The Sundarbans is an ecosystem rich in biodiversity. This forest is a good habitat for many plants and animals. In 2001, the administrative area of ​​the Sundarbans was divided into two parts. The office of the Eastern Forest Department is at Bagerhat and the office of the West Division is at Khulna.


The main plant species of the Sundarbans is the ‘Sundari tree’. According to some, the Sundarbans is the name given to a naturally formed forest after the name of a beautiful tree. Again, due to its proximity to the sea, the word ‘Samundar’ has been given the name of ‘Samundaban’ and later ‘Sundarbans’.


The salinity of the Sundarbans is increasing from east to west and from north to south. Soil salinity in the Sundarbans is 2-4.5 ds / m. However, in the dry season, the salinity of the soil is around six ds / m. Depending on the salinity of the water, the Sundarbans is divided into three types, freshwater, moderate brackish and brackish.


The Sundarbans is rich in biodiversity. The Sundarbans has 334 species of trees, 175 species of algae and 13 species of orchids, according to the forest department.

Forest products

The main forest products of the Sundarbans are Sundari, Pashur, Gewa, Dhundul and Kakra trees. Besides, there are golpata, hetal, chan, fish, honey etc. in the Sundarbans.


There are more than 365 species of wildlife in the Sundarbans.
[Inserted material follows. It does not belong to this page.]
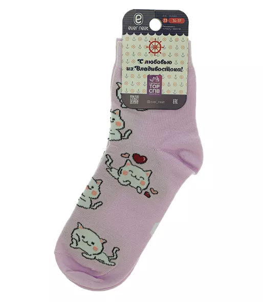 Носки "Белый котенок" цв.сиреневый, размер 38-40
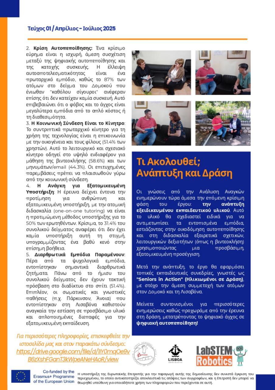 Η LabSTEM (Ελλάδα) συντάσσει επί του παρόντος έναν συνοπτικό, 40σέλιδο οδηγό, φιλικό προς τον χρήστη, σχεδιασμένο ειδικά για τους ηλικιωμένους. Για να αντιμετωπιστεί το εμπόδιο της αυτοπεποίθησης και τα ζητήματα προσβασιμότητας, το εγχειρίδιο θα περιλαμβάνει:

These include 35 species of reptiles, 315 species of birds and 42 species of mammals. There are 210 species of white fish, 24 species of shrimp, 14 species of crabs and 43 species of malanka in the Sundarbans.
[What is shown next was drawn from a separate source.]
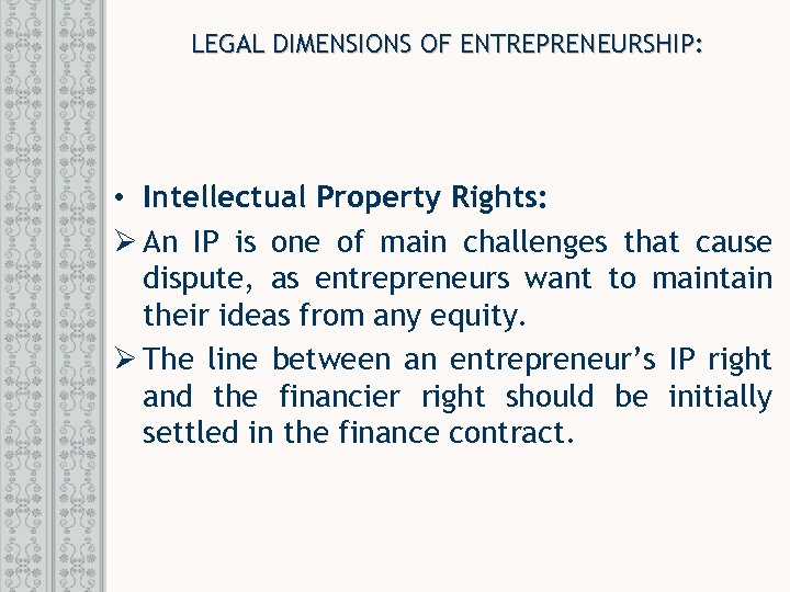 LEGAL DIMENSIONS OF ENTREPRENEURSHIP: • Intellectual Property Rights: Ø An IP is one of main challenges that cause dispute, as entrepreneurs want to maintain their ideas from any equity. Ø The line between an entrepreneur’s IP right and the financier right should be initially settled in the finance contract.

The main wildlife of the Sundarbans are the Royal Bengal Tiger, Chitral deer, wild boar, monkey, crocodile, dolphin, tortoise, otter cat, fish cat and wild cat.
According to the Forest Department, according to the latest survey of 2016, there are 114 tigers in the Bangladesh part of the Sundarbans, one to one and a half lakh deer, 50,000 monkeys, 25,000 wild boars and 25,000 otters.

Rivers and canals

Rivers and canals are intertwined in the Sundarbans. There are 450 small and big rivers and canals in the Sundarbans. The main rivers of the forest are Pashur, Shibsa, Arpangasia, Shela, Morjat, Bhadra, Jamuna, Rayamangal and Bhola.

Tourist place

There is natural beauty throughout the entire Sundarbans. Among them, Karamjal, Katka, Kachikhali, Dublarchar, Hiranpoint, Kalagachhia, Manikkhali, Andarmanik and Dobeki areas are frequented by tourists.